Some hospital systems are refocusing operations and selling long-term care, nursing homes, and hospice businesses.
Several hospitals have divested adjacent health businesses since the onset of the Covid-19 pandemic. It comes at a time of rising labor costs and a more challenging regulatory environment for post-acute providers.
Why it matters: The latest flurry of sales may indicate that hospital leadership is shifting from an ownership to a partnership model.
ProMedica, based in Toledo, Ohio, Philadelphia’s Jefferson Health, and Cincinnati, Ohio-based Bon Secours Mercy Health, have all sold some inpatient-adjacent business over the past year.
Zoom in: New Jersey-based Hackensack Meridian Health sold 11 of its 14 long-term care facilities last year. They now share a governance model with Complete Care. Both organizations sit on a quality compliance board.
Hackensack’s long-term care facilities were running roughly a $80 million loss.
What they’re saying: “We don’t need to own certain elements of the care continuum that aren’t part of our core business,” Rober Garrett, CEO of Hackensack, told Modern Healthcare. “We will continue to look for joint venture opportunities.”

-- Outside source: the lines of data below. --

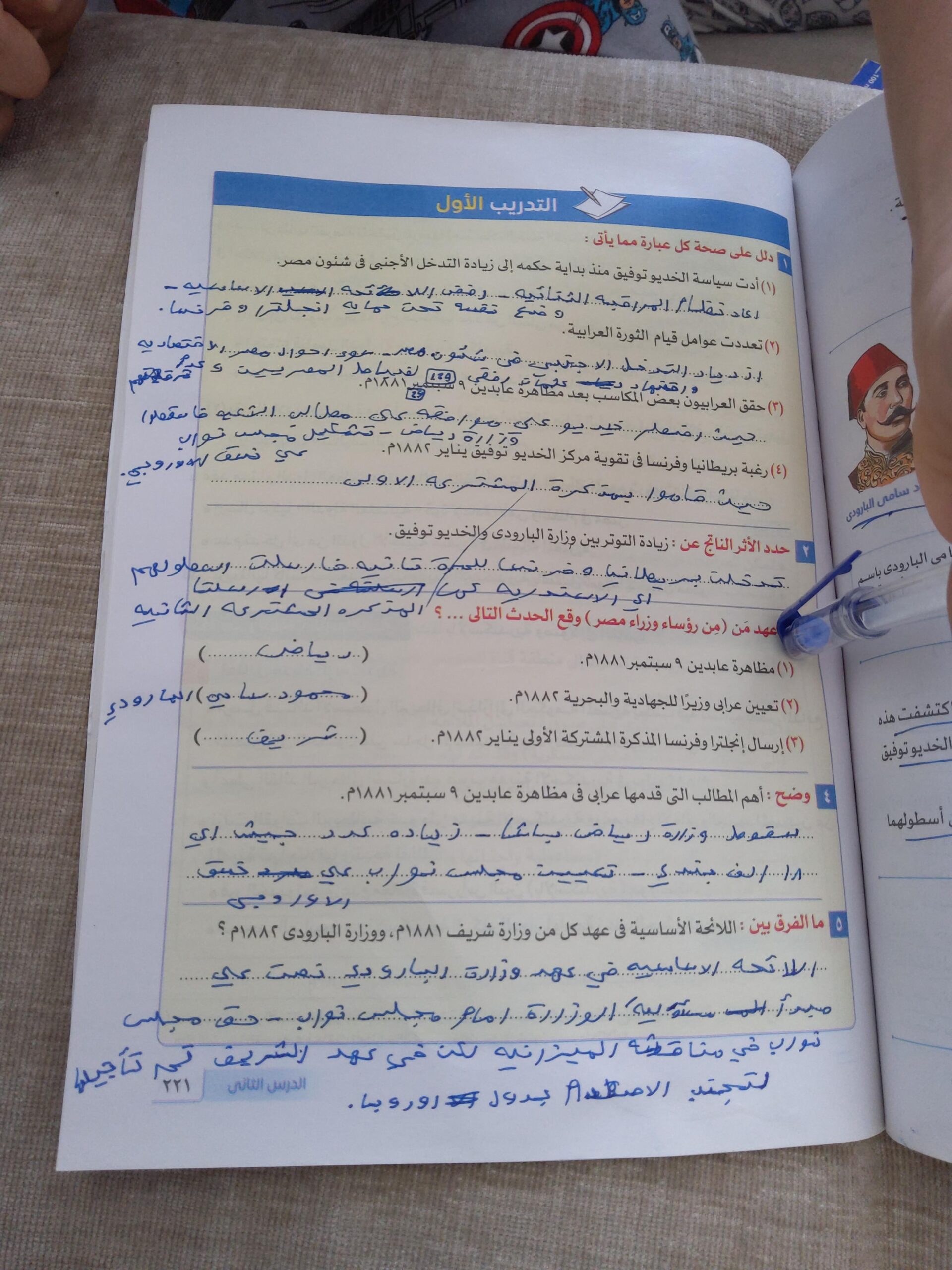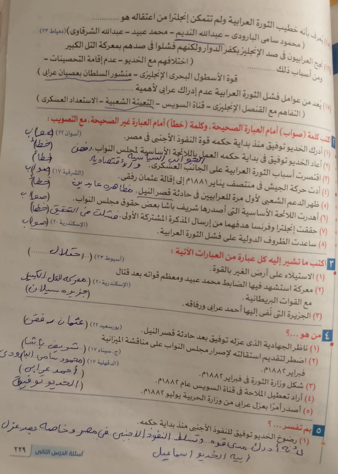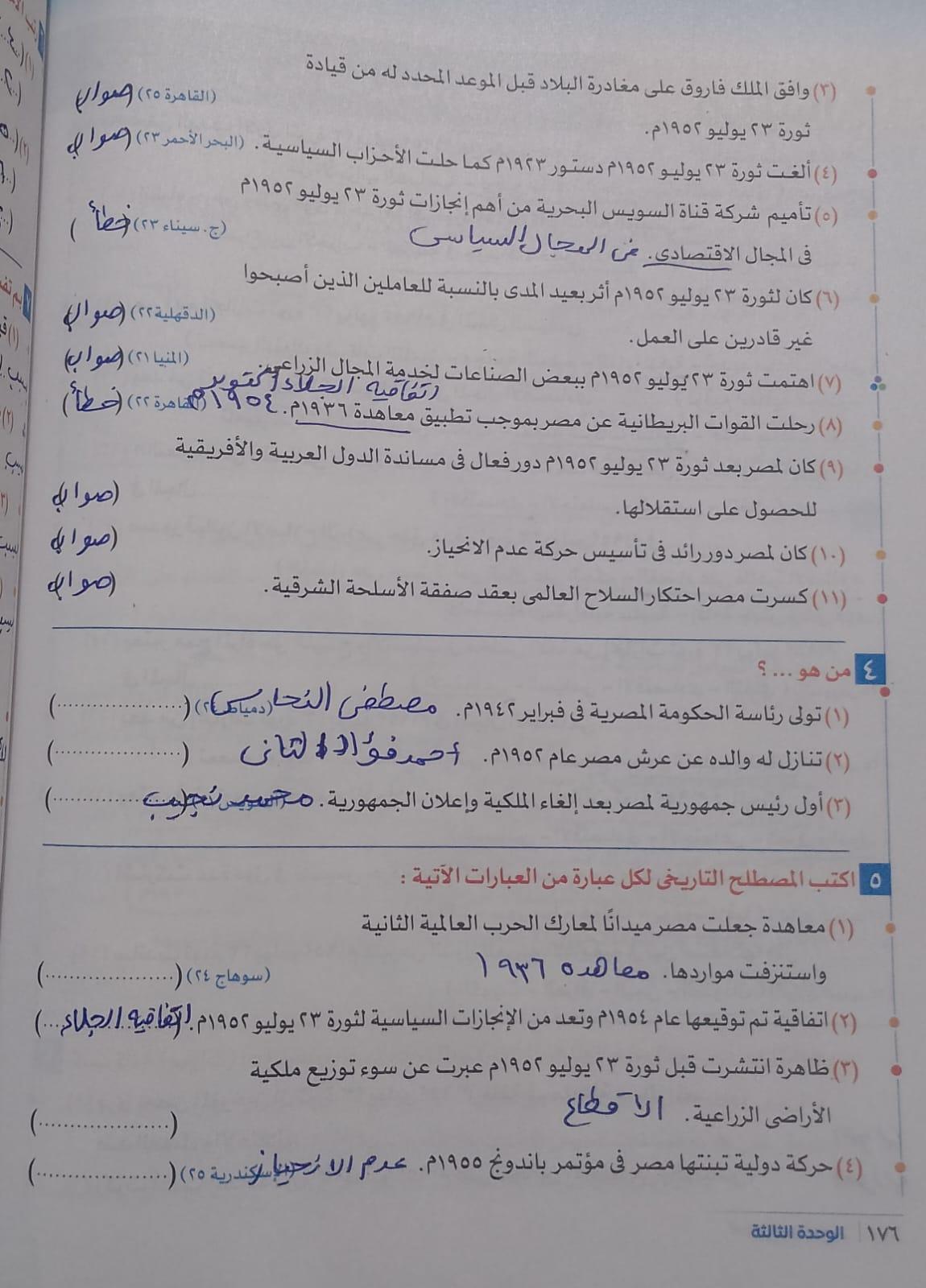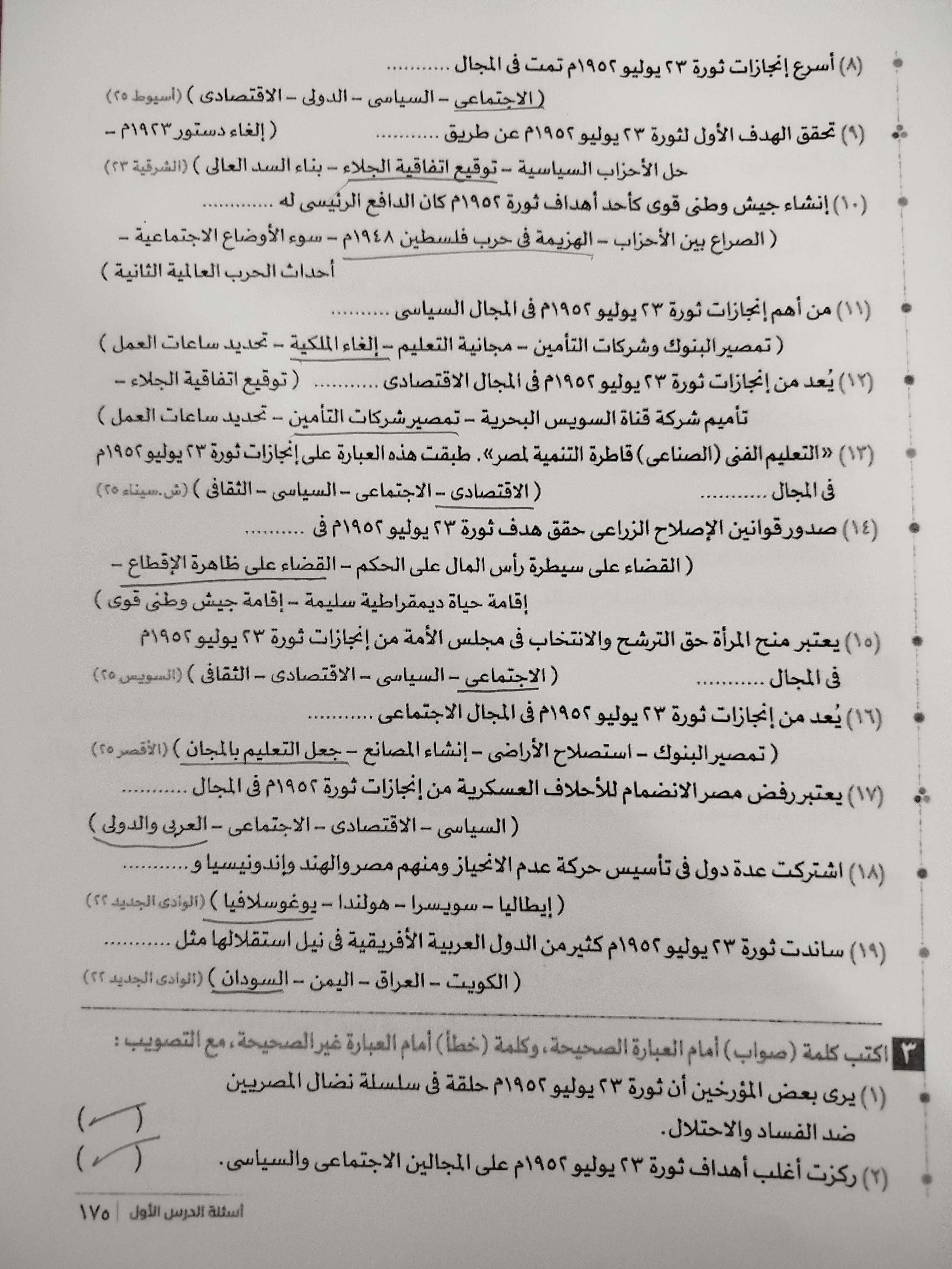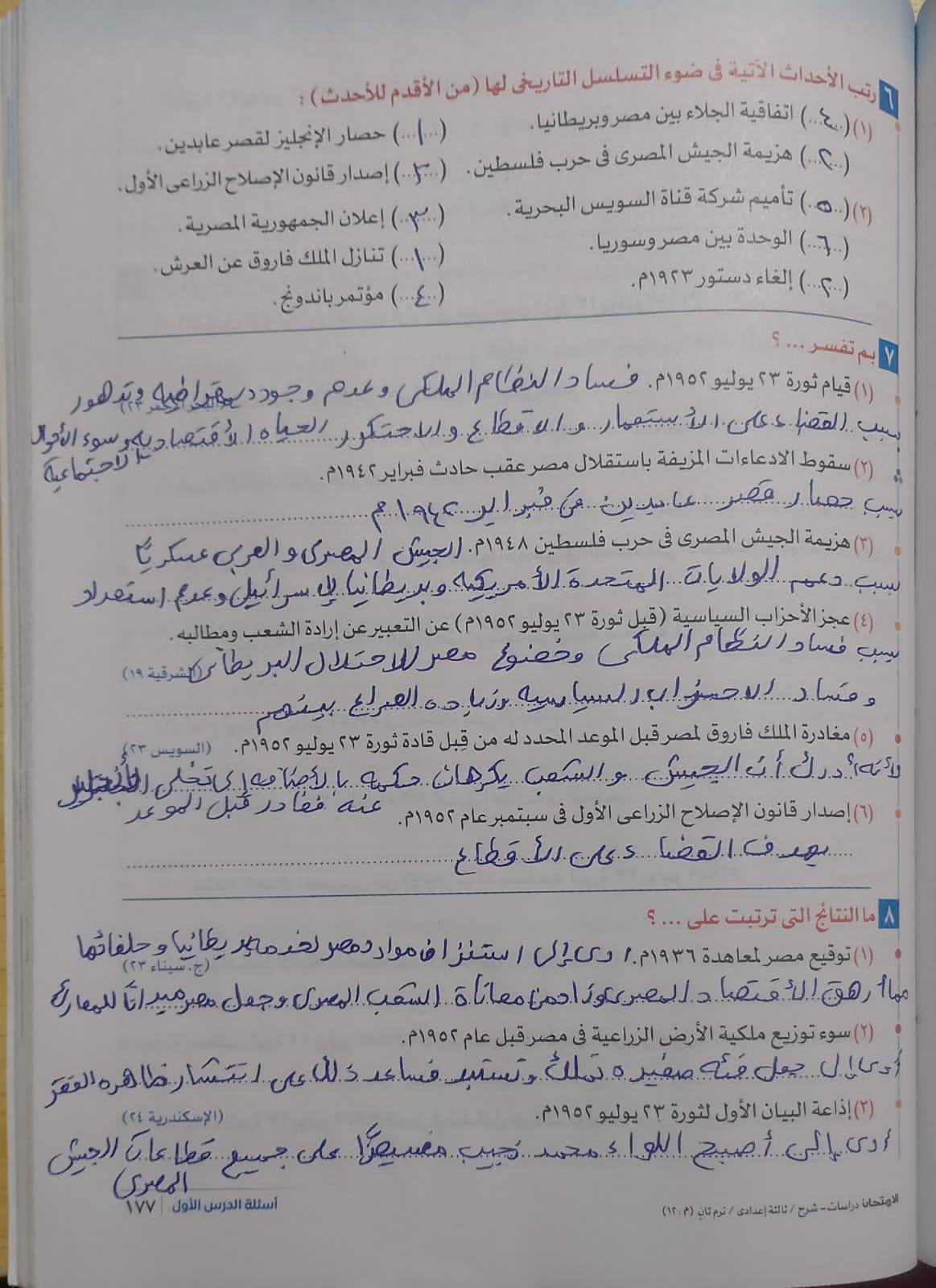 انتهينا من ثوره يوليو والواجب تدريبات الدرس لحد ص 177
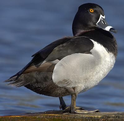 This duck’s name might trick you — it’s called the Ring-necked Duck, but the ring around its neck is hard to see! What’s easier to notice are its sharp black-and-white patterns and its dark feet. The male has a glossy black head and chest, a white belly, and two neat white rings around the bill. The female wears softer brown tones but shares those blackish-gray feet. You can often spot them in calm lakes or ponds, diving for seeds and aquatic plants.
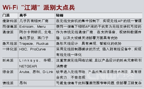少林、武當(dāng)、華山、峨嵋、丐幫……眾多門派共同支撐起了武俠小說當(dāng)中的“江湖”。而在無線網(wǎng)絡(luò)的“江湖”上,其實(shí)也存在著很多門派:比如瘦架構(gòu)派、同信道派、一體化派、通信派、隱天線派、時(shí)尚派等,各家廠商都有自己的看家本事,在極大豐富了無線產(chǎn)品,更好滿足了用戶需求的同時(shí),也促進(jìn)了無線技術(shù)在多個(gè)層面上的深入發(fā)展。
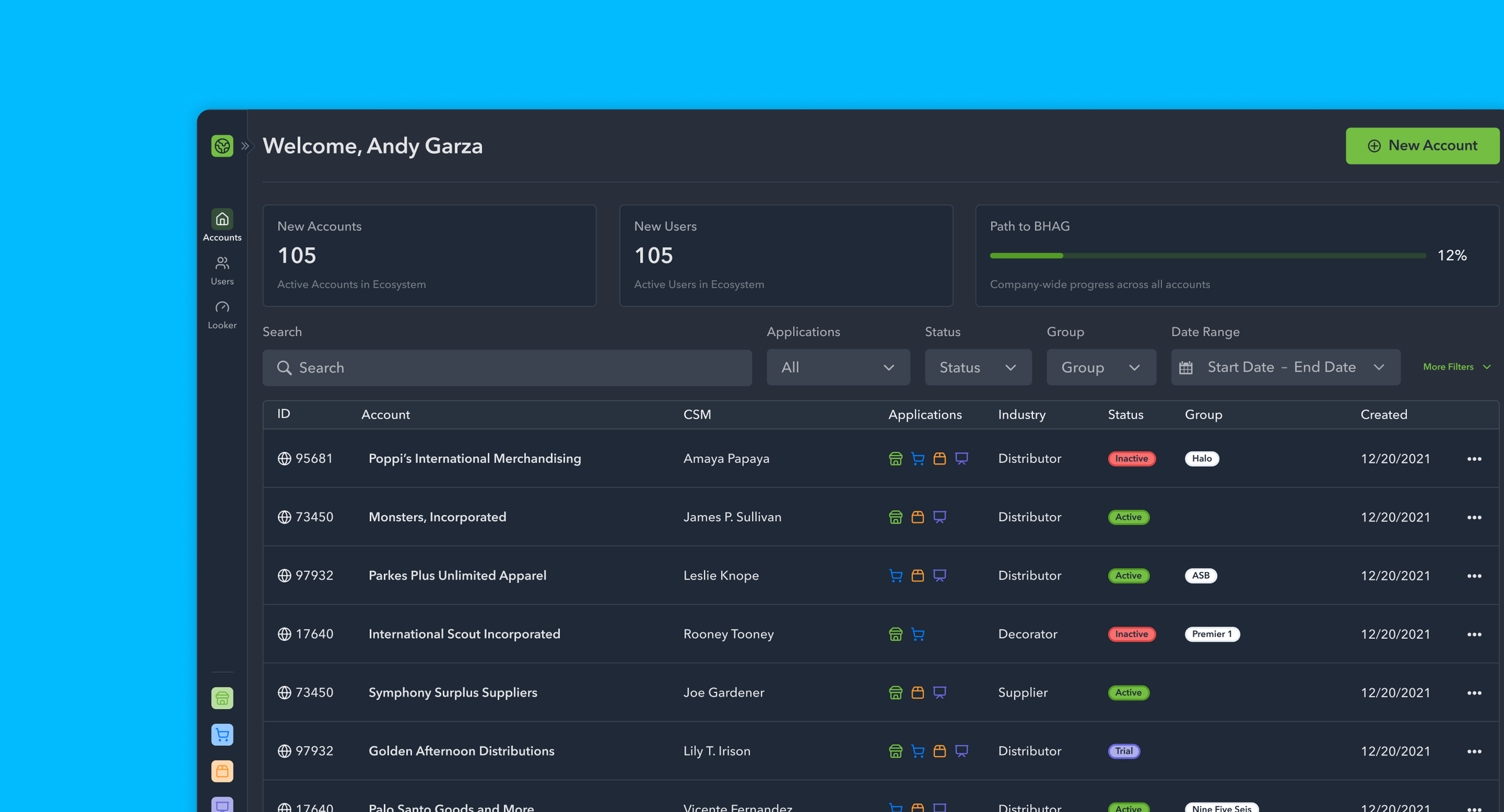 As the OrderMyGear ecosystem grows, we need a single-source of truth that enables our internal users to view all of the accounts in our system. This single entry point will allow internal teams to view, manage and service clients in a manner that is efficient and most all, scalable with the ecosystem.
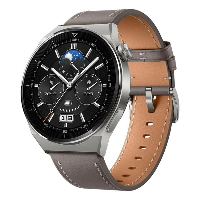 Huawei Watch GT 3 Pro - Smartwatch 46 mm de titanio, esfera de zafiro, monitorización de saturación de oxígeno, frecuencia cardíaca, larga duración de batería, correa de cuero gris
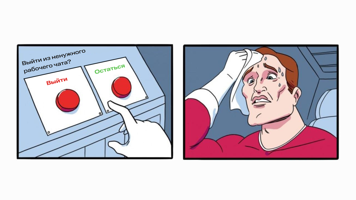 Нерабочие чаты важны для продуктивности — это хороший способ переключиться и сменить фокус. Поэтому делиться мемами, сохранять лучшие цитаты коллег или обсуждать последнюю серию сериала — это не пустая трата времени, а способ сохранять продуктивность.
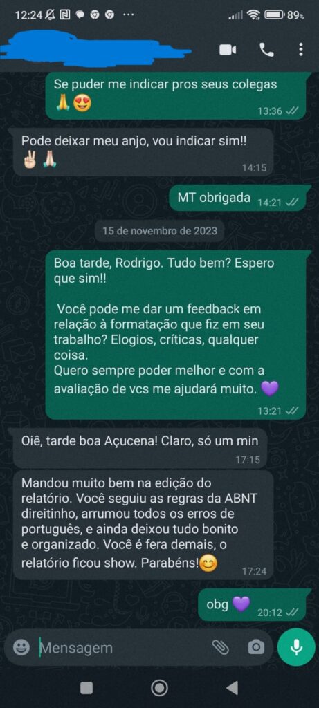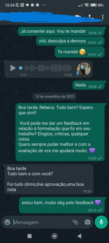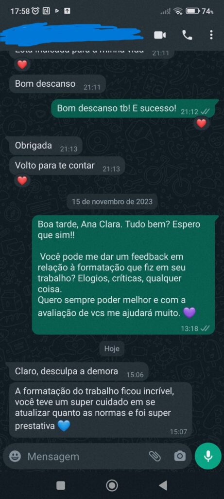 Eu sei que você precisa focar nos seus estudos ou simplesmente tirar alguns dias para descansar. Então, chega de ter que se preocupar com suas normalizações acadêmicas. Você não precisa se preocupar, faça seu orçamento e deixe todo o trabalho comigo. Seu trabalho todo colocado no melhor formato exigido pelo meio acadêmico nos dias atuais.
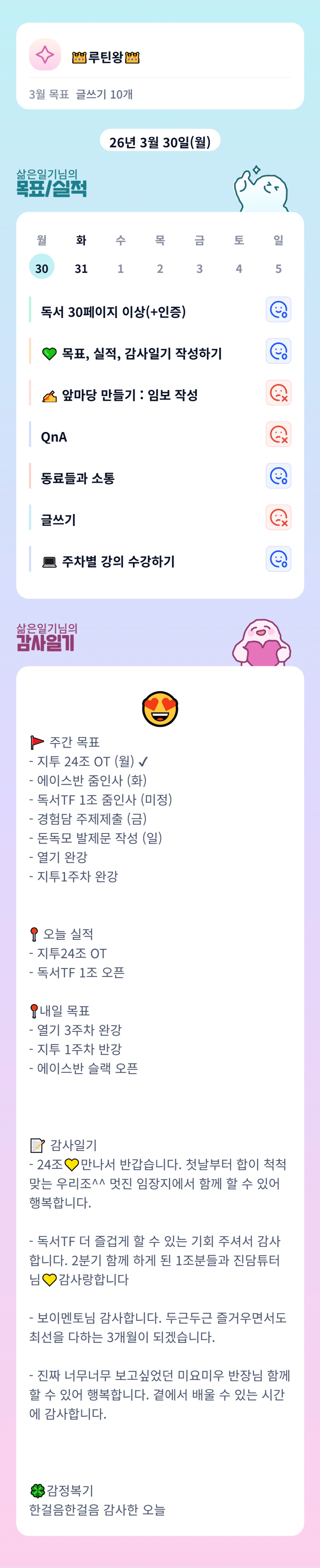 보이멘토님❤️ 일기님 이번분기 완전 빠이팅이예요🥰🥰
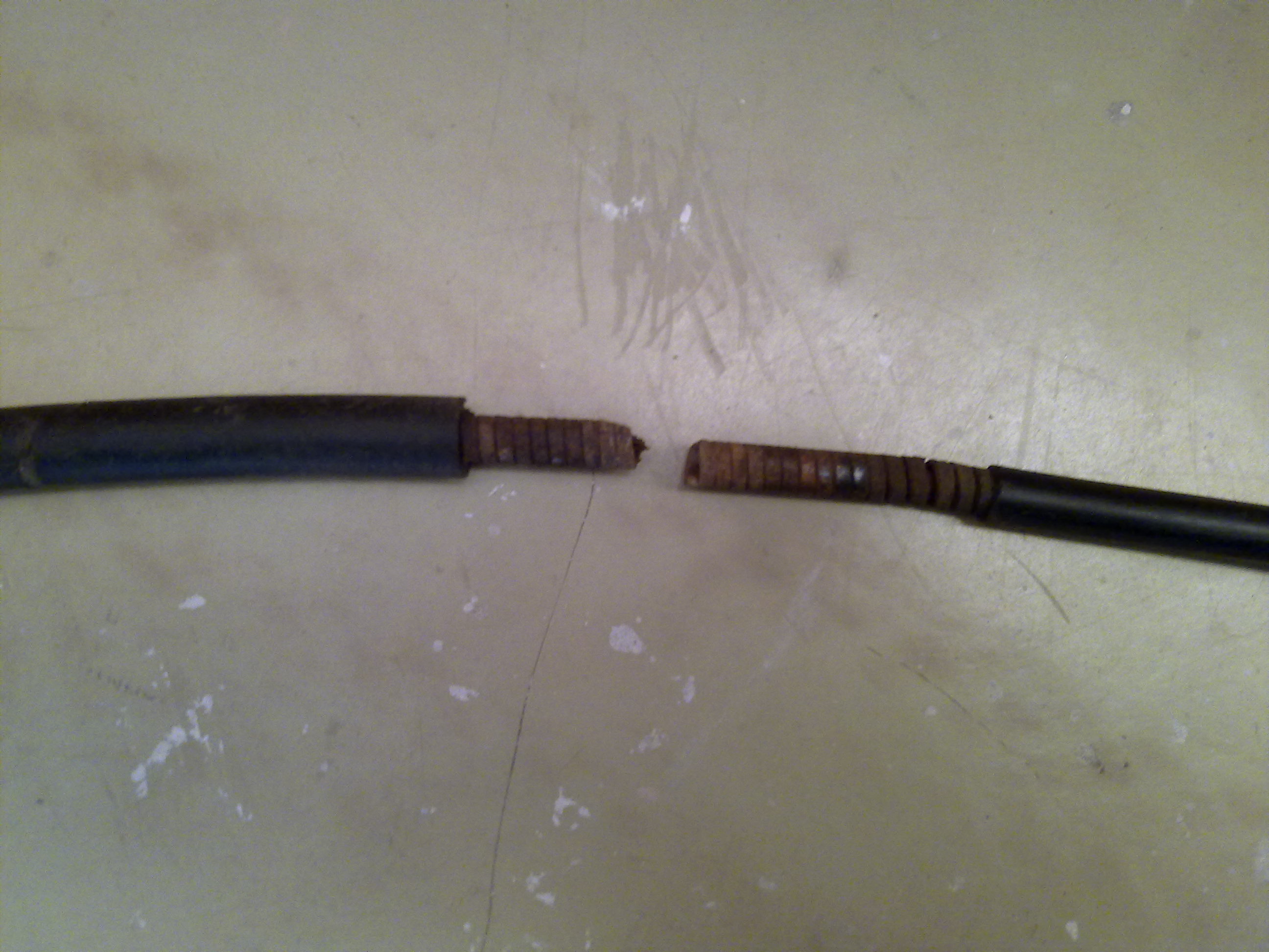 ситуация такая. взял машину с неработающим ручником. сейчас стал разбираться, залез под днище - оказалось, что трос левого заднего колеса порван. Причем порван как-то не логично. один конец порван по плоскости в которой измеряется диаметр, а второй как-то вкось и будто срезан чем-то острым. Трос я этот снял, отец друга рассказал что у него на машине была такая же ситуация, он снял его, почистил и скрепил оба конца холодной сваркой. Я не знаю, может тросы по структуре разные, но у меня скрепление холодной сварной выглядит не особо оптимистичным, думаю не приведет ни к чему хорошему. Строение троса такое: внутри под двумя плотными слоями защитной резины очень тугой слой металла закрученного по спирали как пружина и под ним - внутри - сам тросик. Резину я срезал примерно по 3-4 см с каждой стороны и при пробном наложении концы "пружины" не сходятся, плюс к этому, тросик внутри одного из концов сидит глубоко в пружине. И чтобы его достать нужно срезать эту самую пружину на 3 см по длине, примерно. Если всё же "заварить" сваркой - думаю - при общем затяжении ручника левое колесо будет тормозить больше чем правое...а это есть не очень хорошо. В общем - три вопроса. Можно ли как то это отремонтировать самому вручную? и если менять трос, то сколько он может стоить, и где лучше посмотреть(в плане стоимости)?

“Healthcare is a team sport, and I think partnerships are more important now than ever,” said Dr. Baligh Yehia, President of Jefferson Health. “We are constantly evaluating what we bring to the table that enhances patients’ well-being versus what can partners bring to the table.”
What to watch: Analysts at credit rating agency Fitch believe health system divestitures will likely continue over the next two years.